【品種別戦略】〈JFEスチール厚板セクター長・門田純常務(3)〉「事業損益黒字化目指す」 高級鋼比率、4割に拡大

――まずは前年度の総括から。

 「16年度の厚板生産量は、15年度の450万トン(スラブ装入ベース)比で微増の470万トンと9割操業レベルだった。UOE鋼管の生産量は11万トンと15年度の16万トンからさらに減少した。プロジェクト案件が端境期にあり、採算重視で選別受注をしたためだ。
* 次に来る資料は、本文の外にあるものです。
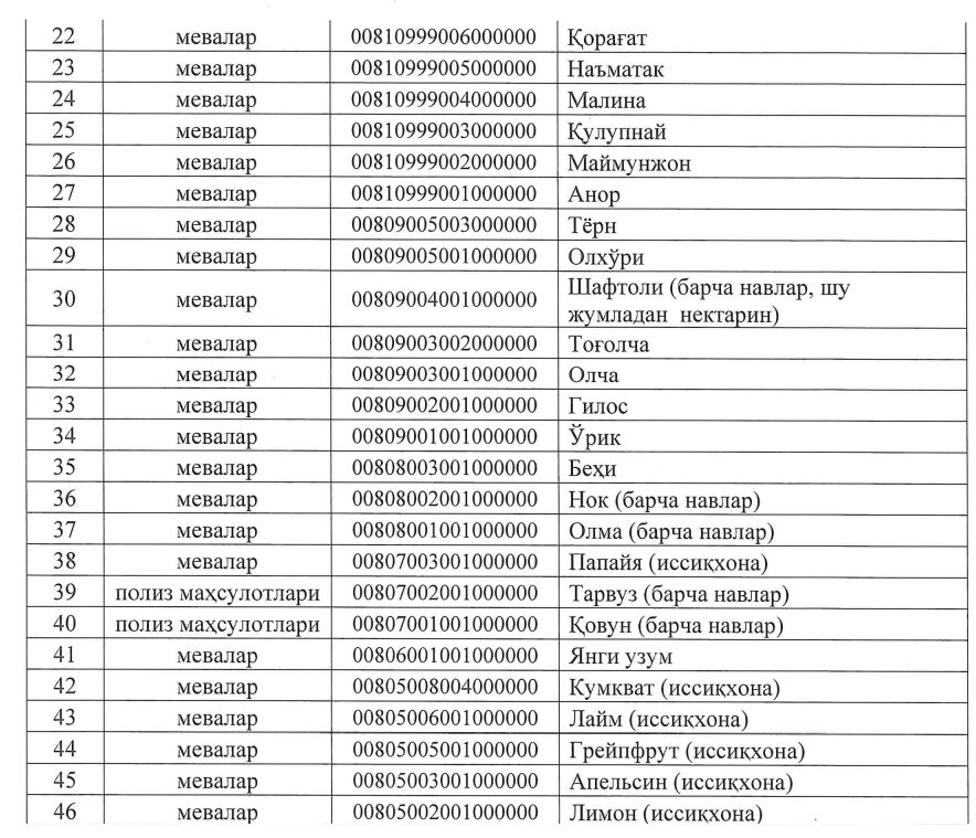 Рўйхатдан 346 та маҳсулот ўрин олган бўлиб, уларнинг тўлиқ рўйхати билан қуйидаги ҳавола орқали танишиш мумкин.

今年度はタイ国営石油会社向けUO鋼管23万トンの受注もあり、厚板生産量は増える見通しだ」

――輸出比率や向け先比率は?

 「輸出比率は約35%と全社平均の5割程度に比べて低い。向け先は例年同様、造船向けが5割強を占めた」

JFEスチール厚板セクター長・門田常務

――セクターの収益は?

 「下期の主原料コストアップを受けた価格転嫁に時間がかかり、スプレッド悪化で昨年度はセクター損益が通期赤字に転落した。海外市況低迷で輸出採算が厳しく、UO大径鋼管も数量の落ち込みで低迷した。今17年度は黒字化が目標だ」

――今年度の需給環境について。

 「需要面で明るい材料が見え始めている。日本の造船会社は平均で約3年弱の受注残があるが、今年に入り新規受注も前年よりは増えてきた。国内造船向け厚板需要量は、輸入鋼材を含めて昨年度は360万トンだったが、今年度もほぼ横ばいの350万~360万トンを想定している」

 「建機向けは下期に排ガス規制の駆け込み反動で落ち込むとの見方もあったが、海外向けが旺盛で建機メーカーは当面フル生産が続きそうだ。当社の耐摩耗鋼の生産販売量は、昨年を大きく上回るレベルで増えている」

 「建築向けも東京五輪やその関連需要で底堅く推移しそうだ。グループ会社のJFE鋼材やセイケイも仕事量が多く堅調だ。今年度の鉄骨需要量は前年度比10万トン増の520万トンとみている」

――そうした中、厚板セクターの課題は。

 「先ほど申し上げたように、収益面では黒字転換が大きな目標。現行中期計画の実績は造船や資源エネルギー分野などの低迷で計画値を下回るが、10年先を見据えてやるべきことは変わらない」

――収益に大きく影響する価格政策は。

 「昨年度の原料コストアップ分を十分に価格に反映できておらず、遅れが生じている。昨年下期より、ヒモ付・店売り全ての分野で2万円の値上げを打ち出しているが、足元、原料価格も再び上昇傾向にあり、値上げの完全浸透を図っていく」

――具体的な諸課題の取り組みについて。

 「第一は、基本となるデリバリー、品質、コスト競争力に磨きをかける。販売先との間で統合出荷納入システム『One JFE』を昨年度立ち上げ、デリバリー精度の向上を図っている。また福山・倉敷・京浜の3地区でオーダーエントリーシステム共通化を実施したほか、商品設計能力向上プロジェクトと名付けた取り組みも進めており、3地区が相互にノウハウや知見経験を横展開できる仕組みを構築中だ。AI(人工知能)含めてITの力を活用し、お客様から選ばれる存在であり続けたい」

――2点目は。

 「高級鋼の比率拡大。15年度の実績は約2割だが、これを今年度末には3割超に、10年後には4割に引き上げたい。具体的にはラインパイプ用や耐摩耗鋼、建築用ハイテン材の拡販を狙う。高級鋼は製造負荷が高いので、ネック工程解消のための設備・ソフト面の手を打っていく」 

――3点目は。

 「伸びゆく海外需要の捕捉だ。エネルギーやインフラ分野向け中心に、成長市場を捉えていく。具体策の一つはUAEで18年10月稼働予定の大径溶接鋼管合弁だ。インフラ分野では、建材センターと連携しながら進めていきたい」

――厚板加工を手掛けるJFE系事業会社の現状と展望は。

 「足元は建機や建築向け需要が堅調なため、活動水需は低くない。ただ中長期を見据え、考えていく必要がある」

 「メーカー直系シャーであるJFE鋼材とは、母材から切板に至るまでのトレーサビリティや品質保証などでIT活用の研究を進めている」(一柳 朋紀)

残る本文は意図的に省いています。